Since when was it 2 years?


----------



## Milady (Apr 27, 2017)

@Aphrodite is this where I request name change? 

If I remember correctly, I changed mine more than a year ago, and would like to change it to Milady. That name is already taken but iirc you can take over that name if the original owner is not active. It looks like she is no longer active since 2013. Can I be Milady?


----------



## Gin (Apr 27, 2017)

miladyy said:


> @Aphrodite is this where I request name change?
> 
> If I remember correctly, I changed mine more than a year ago, and would like to change it to Milady. That name is already taken but iirc you can take over that name if the original owner is not active. It looks like she is no longer active since 2013. Can I be Milady?


----------



## Rinoa (Apr 27, 2017)

miladyy said:


> @Aphrodite is this where I request name change?
> 
> If I remember correctly, I changed mine more than a year ago, and would like to change it to Milady. That name is already taken but iirc you can take over that name if the original owner is not active. It looks like she is no longer active since 2013. Can I be Milady?


I already posted/quoted the request on the thread.


----------



## Aphrodite (Apr 27, 2017)

miladyy said:


> @Aphrodite is this where I request name change?
> 
> If I remember correctly, I changed mine more than a year ago, and would like to change it to Milady. That name is already taken but iirc you can take over that name if the original owner is not active. It looks like she is no longer active since 2013. Can I be Milady?



You are so cute.

You request here 

And yes you can use it because they have 0 posts on it. If they had 100 posts you couldn't.


----------



## Mider T (Apr 27, 2017)

miladyy said:


> @Aphrodite is this where I request name change?
> 
> If I remember correctly, I changed mine more than a year ago, and would like to change it to Milady. That name is already taken but iirc you can take over that name if the original owner is not active. It looks like she is no longer active since 2013. Can I be Milady?






Rinoa said:


> I already posted/quoted the request on the thread.



Oh okay.


----------



## Aphrodite (Apr 27, 2017)

Well i replied also.


----------



## Mider T (Apr 27, 2017)

Yeah, YOU FREED THE CHAIN GANG

Reactions: Funny 1


----------



## Gin (Apr 27, 2017)

miladyy said:


> @Aphrodite is this where I request name change?
> 
> If I remember correctly, I changed mine more than a year ago, and would like to change it to Milady. That name is already taken but iirc you can take over that name if the original owner is not active. It looks like she is no longer active since 2013. Can I be Milady?






Rinoa said:


> I already posted/quoted the request on the thread.





Mider T said:


> Oh okay.


ok cool

Reactions: Like 1 | Funny 1


----------



## Roman (Apr 28, 2017)

I thought I'd never have the chance to change my UN after changing it to Roman. Then I saw the two year rule was implemented and thought hey that's nice.

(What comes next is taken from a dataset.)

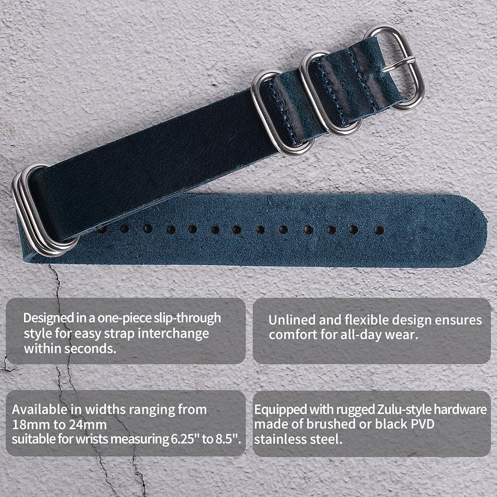 Premium Quality: Our one-piece zulu style genuine leather watch band is made from the finest top-grain cowhide leather, which is known for its exceptional quality and durability. The leather is carefully treated to retain its natural texture and beauty, ensuring that it looks and feels luxurious. This makes it resistant to daily wear and tear, ensuring that it maintains its beauty over time.
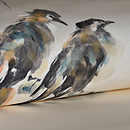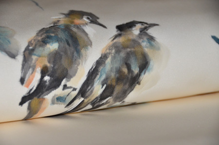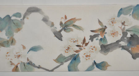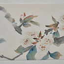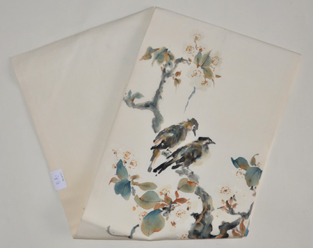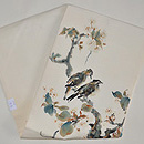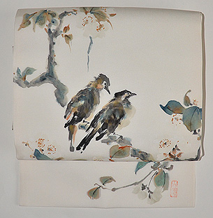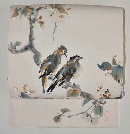 塩瀬地に桜がゆったりと描かれ、その枝でヒヨドリが仲良く春を謳歌しています。 染料に墨を含ませ、勢いのある筆遣いで鮮やかに描かれた、一幅の絵のような帯です。 垂れ先には落款も見られ、どなたか上手の作のようです。

Now I don't wanna change it for anything


----------



## Demetrius (May 6, 2017)

Mfw I didn't even know this happened


----------



## TheCupOfBrew (May 6, 2017)

Trinity said:


> Mfw I didn't even know this happened


Does this even apply to staff / ex staff


----------



## Demetrius (May 6, 2017)

No

But that wasn't the point of my post lmao


----------



## Nighty the Mighty (May 10, 2017)

same

when the fuck did we do this


----------



## FLORIDA MAN (May 10, 2017)

Trinity said:


> Mfw I didn't even know this happened





Nighty the Mighty said:


> same
> 
> when the fuck did we do this



top tier intercommunication as always i see

Reactions: Like 1 | Friendly 1 | Optimistic 1


----------



## Revan Reborn (Jun 5, 2017)

@Aphrodite 

Can I change my name to Revan, the person with that name last logged on 5 years ago.


----------



## Aphrodite (Jun 5, 2017)

slayedigneel said:


> @Aphrodite
> 
> Can I change my name to Revan, the person with that name last logged on 5 years ago.



If they have over 100 posts you can't use the name no matter how long its been since they were last on.


----------



## Revan Reborn (Jun 5, 2017)

Aphrodite said:


> If they have over 100 posts you can't use the name no matter how long its been since they were last on.


kk. What about Revan Reborn ?


----------



## Aphrodite (Jun 5, 2017)

slayedigneel said:


> kk. What about Revan Reborn ?



That one is fine and you can request it here

Reactions: Like 1


----------



## Mouten x (Sep 6, 2017)

nice


----------



## Eros (Sep 7, 2017)

Revan Reborn said:


> @Aphrodite
> 
> Can I change my name to Revan, the person with that name last logged on 5 years ago.






463 posts too many.


----------